Today I’m one step closer to giving up my iPad as my Surface RT can now perform one more task on my must have list. Full DLNA Play To sharing from the Charms bar/Devices for non Microsoft certified devices was a biggie on my list.

A little history: In Windows 7, Microsoft introduced Play To which used the DLNA spec to let me send media from my computer to a DLNA DMR. I had so so results with my 2009 Samsung TV due to poor transcoding support, but great results with my WDTV Live Hub and my SONOS speakers. The so-so experience on my TV and the not wonderful experience on other device by many many people caused Microsoft to rethink their strategy for Windows 8 and come up with their own certification process for devices to “insure” a good experience.

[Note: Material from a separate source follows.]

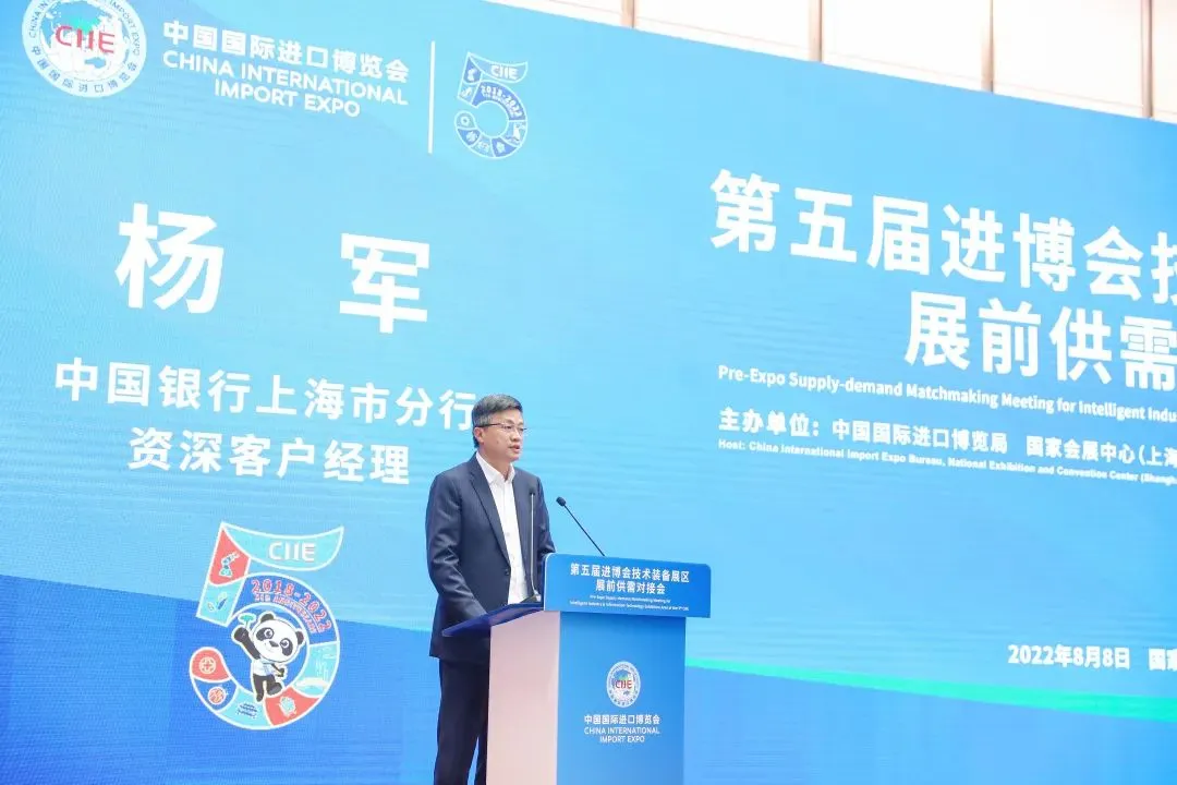 2022年8月8日,第五届进博会技术装备展区展前供需对接会在国家会展中心(上海)举办。本次活动由中国国际进口博览局、国家会展中心(上海)主办,中国银行上海市分行承办,以线上线下相结合的形式进行。NACHI、佳能、江森自控、旭化成、蒂森克虏伯、天田、住友电工、凯道起重设备、斯达拉格等30余家技术装备展区的参展商与中国石化、中海油、中国石油、国家电网、中国华能、国家电投、中天合创、庆华集团、中泰进出口、比亚迪、蔚来汽车等60余家中央企业及行业龙头企业参与对接。

This translated into a restrictive policy for Windows 8 Start Screen/Metro/Modern UI Apps where only MS certified devices would appear in an applications Settings: Devices menu. What this meant for me was that I could no longer send music to my SONOS speakers from these Apps, although I could do so from the classic Desktop-Explorer-Libraries view. I certainly was annoyed and disappointed. To me, this meant that Microsoft was going down the closed eco-system route and emulating Apple. DLNA is an open standard, and there are tiered requirements. MS was seeking to bulletproof the experience, but in the process left many of us hanging. I certainly wished for, and expressed my desire for, an advanced user setting to “Show non MS certified devices”, and I still think that is the necessary change that Microsoft needs to make.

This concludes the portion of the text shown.